Wenn mein Berufsbild einmal wieder allzu klischeehaft dargestellt wird, führt das dazu, dass ich (zumindest innerlich) gerne mal die Augen verdrehe. Höchste Zeit um einmal mit einigen Klischees der PR-Branche aufzuräumen. Meine Top Five Klischees:

  1. PR, der natürliche Feind des Journalisten: Es gibt Menschen, die meinen, PR sei nichts anderes als bloße Meinungsmache oder gar Propaganda. Allein die Verwendung dieses doch recht vorbelasteten Wortes zeugt meiner Meinung nach nur davon, dass das Gegenüber nicht besonders viel Ahnung hat. Klar ist, kein Journalist will (und darf) sich von Pressesprechern und Agenturen vorgeben lassen, was er zu schreiben hat. Wenn jedoch eine offene und ehrliche Kommunikation auf Augenhöhe stattfindet, wird manch ein Journalist sogar dankbar für eine saubere Aufbereitung, einen Hinweis oder gutes Bildmaterial sein – vor allem in Zeiten, in denen Redaktionen oft gnadenlos unterbesetzt sind.

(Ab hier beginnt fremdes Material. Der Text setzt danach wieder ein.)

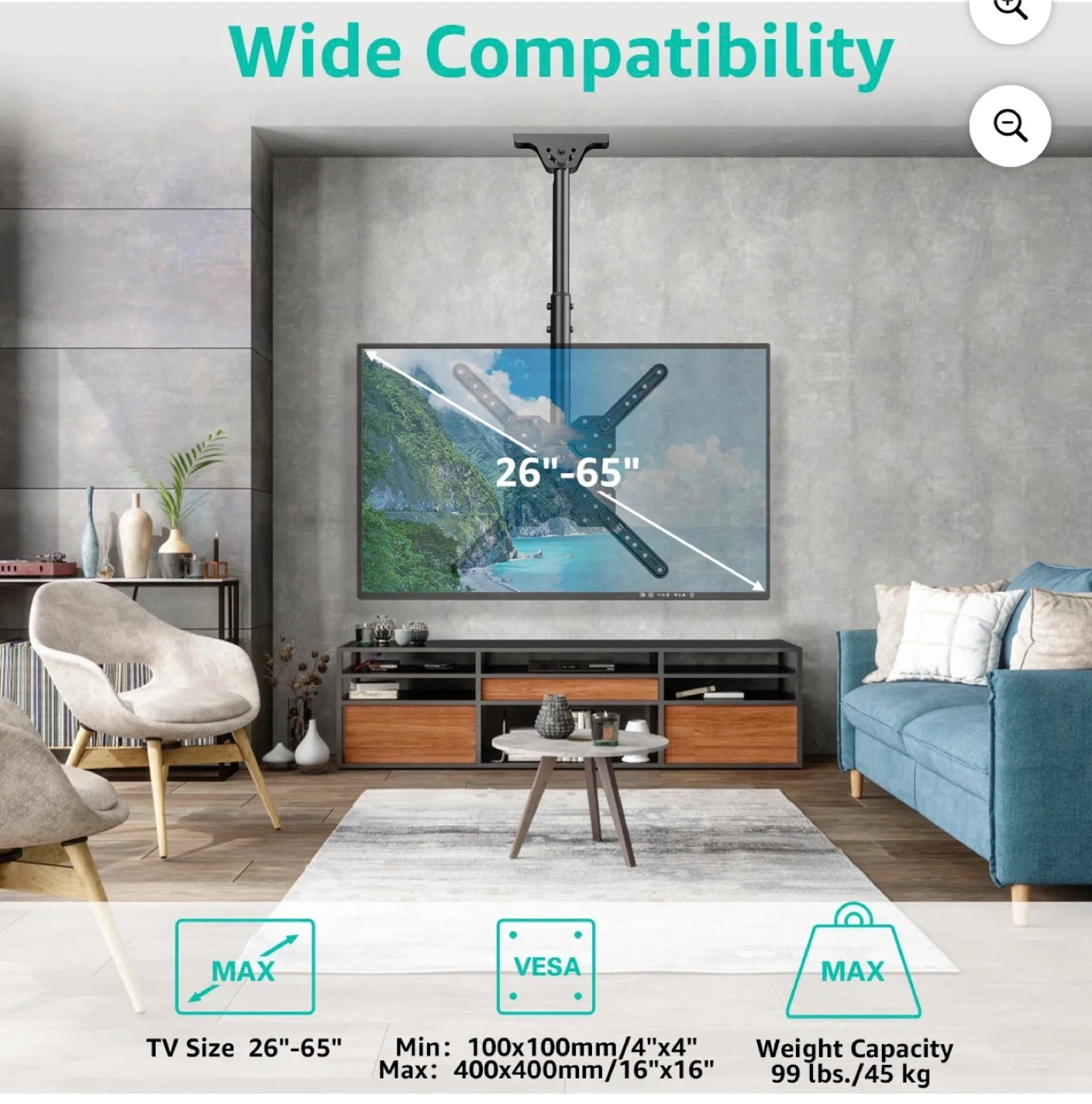 MOUNT PRO Ceiling TV Mount for Most 26-65 inch TVs, 8 Height Adjustable Settings Full Motion Swivel and Tilt Hanging TV Wall Mount Bracket, Max VESA 400x400mm, Holds up to 99 lbs

  2. PR kennt keine Moral: Durch disziplinenübergreifende Kommunikationskonzepte verschwimmt manchmal die Grenze zwischen PR und Werbung, es ist oft eine Gratwanderung zwischen neutral, aber nicht negativ und werblich, überhöht und absolut positiv dargestellt. Hinzu kommt, dass die Moral bei manchen Themenbereichen auf sehr wackeligen Beinen steht. Wer als Pressesprecher für die Tabak- oder Pharmaindustrie arbeitet, legt die Vermutung nahe, kein Gutmensch zu sein. Doch es lohnt sich hier nicht zu verallgemeinern: Wenn eine PR-Kampagne Aufklärungsarbeit im Kampf gegen illegale Drogen leistet oder einer sozialen Stiftung zu mehr Bekanntheit, Fördergeldern und schließlich zur Umsetzung caritativer Projekte verhilft, ist die Frage nach der Moral wirklich überflüssig!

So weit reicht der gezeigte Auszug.